The Model for Improvement
Three questions. A cycle. Repeated until the improvement holds. The Model for Improvement is the most widely used quality improvement framework in healthcare and other industries — and the one most frequently applied without rigorous answers to its second, most important question. This page explains the framework, how PDSA cycles operate within it, and why Bootstrap CUSUM is the objective answer to the question every improvement programme must answer but rarely does.
- Answer the three Model for Improvement questions clearly — including the one most teams skip.
- Design a PDSA cycle that produces learning, not just activity.
- Know when your PDSA data shows genuine improvement versus common cause variation.
- Close the loop honestly: use Bootstrap CUSUM to confirm whether a step change has occurred.
☰ Contents — click to expand
Origin and context
The Model for Improvement was developed by Associates in Process Improvement — Gerald Langley, Ron Moen, Kevin Nolan, Thomas Nolan, Clifford Norman, and Lloyd Provost — and published in The Improvement Guide (first edition 1996, second edition 2009).
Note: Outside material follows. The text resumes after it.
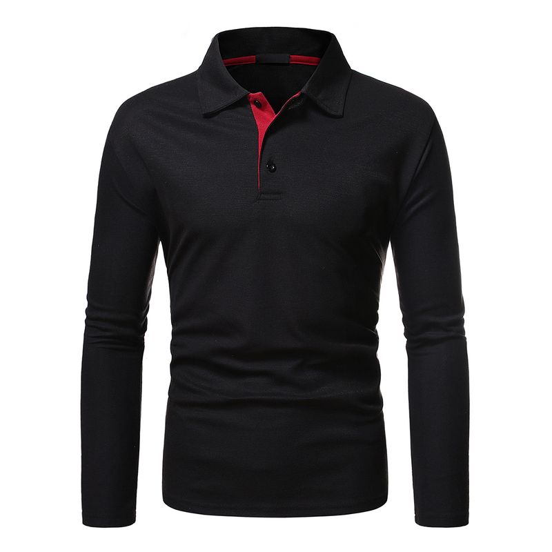Men's Long-sleeved Slim Casual Polo Shirt Black XL

It integrates Walter Shewhart’s Plan–Do–Study–Act cycle with a structured set of questions that frame the purpose of any improvement effort before the cycle begins.
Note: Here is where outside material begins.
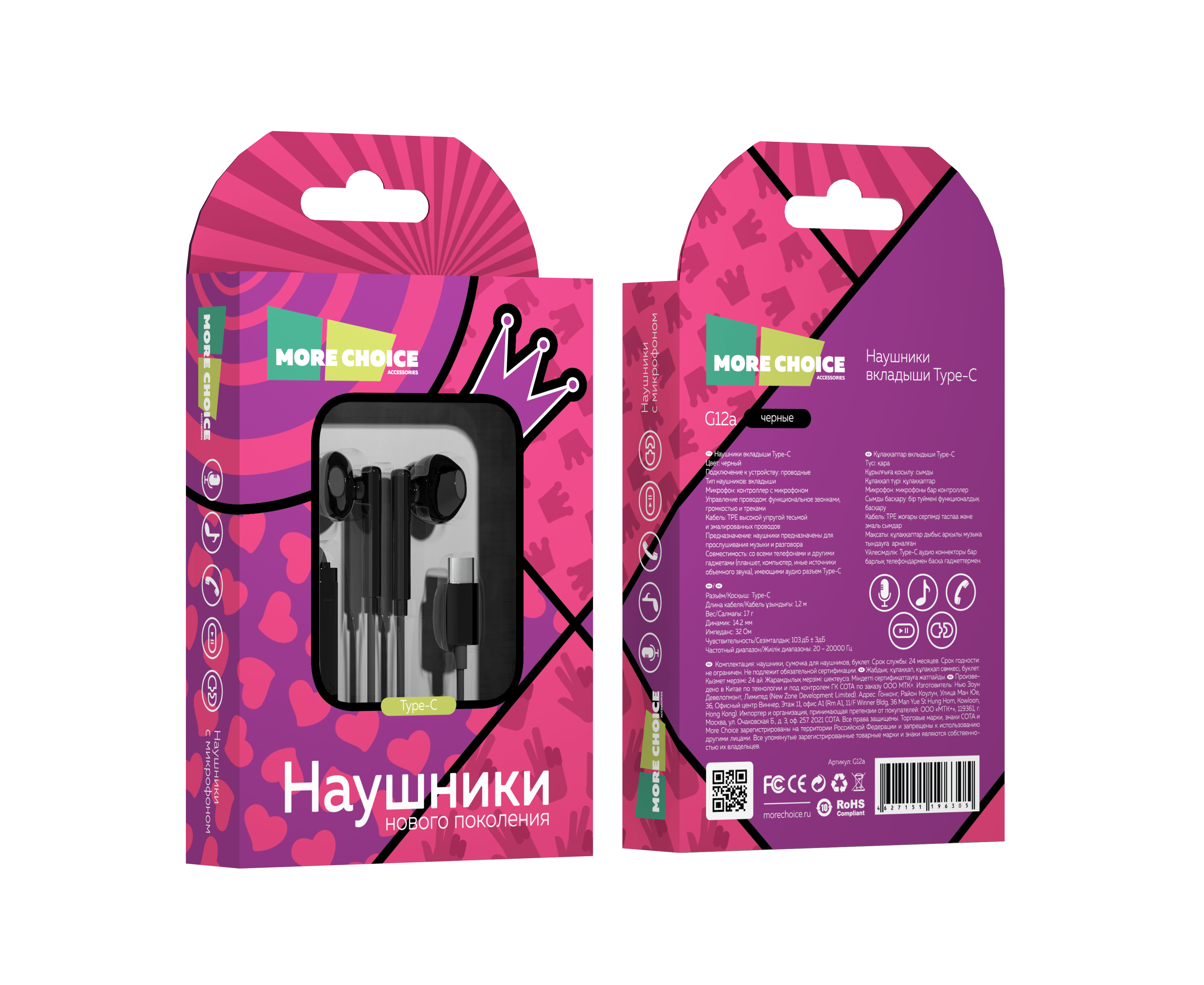 Наушники вкладыши Type-C разъём с МК и рег. громкости длина 1.2м More choice G12 (Black)

The model was adopted by the Institute for Healthcare Improvement (IHI) as its primary framework for clinical quality improvement and is now used in healthcare organisations across more than 50 countries. In the UK it underpins NHS improvement programmes, clinical audit, and quality management systems at every level. Beyond healthcare it applies equally to industrial process improvement, policy evaluation, education, and any other setting where a change is being made and its effect needs to be evaluated.
The model has two components: the three questions, and the PDSA cycle. The questions define what you are trying to do. The cycle is how you do it, test it, and learn from it. Neither component is sufficient without the other.
The three questions
Before any PDSA cycle begins, three questions must be answered. They appear simple. They are not. Each one requires specific, pre-committed answers — not general statements of intent.
The questions must be answered in order. An aim without a measure produces activity without accountability. A measure without an aim produces data without direction. A change theory without both produces action without any possibility of learning. Most programmes jump to Question 3 — what should we change? — before Question 2 has been answered rigorously. The result is that the change is implemented, some data is collected, and a narrative is constructed retrospectively to claim success. Bootstrap CUSUM closes that gap: it makes Question 2 answerable with a pre-specified, objective, dated result.
Question 2 — the one most often answered badly
Question 2 is where the Model for Improvement either produces genuine knowledge or collapses into activity reporting. It requires three things that most improvement programmes do not pre-specify:
The right type of measure. Outcome, process, and balancing measures serve different purposes. Question 2 requires an outcome measure — the result that ultimately matters to the person or system being improved. Process measures (compliance rates, audit scores, training completions) answer a different question: are we doing what we said? That is necessary but not sufficient. Answering Question 2 with a process measure is the most common measurement failure in quality improvement, across every sector.
A stable, attributable measure. The measure must not itself change during the improvement programme. If the recording system, coding practice, or measurement methodology changes at the same time as the intervention, it becomes impossible to separate the clinical or operational effect from the measurement effect. The Sepsis Six analysis on this site is the clearest example: the CQUIN coding incentive changed how sepsis deaths were recorded at the same time as the clinical intervention was implemented, making the primary outcome measure uninterpretable.
A pre-specified statistical test. The test of whether a change is an improvement must be stated before the data is collected. “We will apply Bootstrap CUSUM to [outcome measure] and expect a structural change point to appear within [X] time periods at [Y]% confidence, in the direction of [improvement], coinciding with the implementation of [change].” Without this pre-commitment, any result can be rationalised as confirmation after the fact.
In practice, most improvement programmes answer Question 2 with one of three inadequate responses: “we will run regular audits,” “we will track compliance with the new protocol,” or “we will collect staff feedback.” Audits measure current state, not change. Compliance measures process fidelity, not outcome. Feedback measures perception, not result. None of these answers Question 2. None tells you whether the change produced a genuine improvement in the outcome that motivated the programme. All three are useful. None is sufficient.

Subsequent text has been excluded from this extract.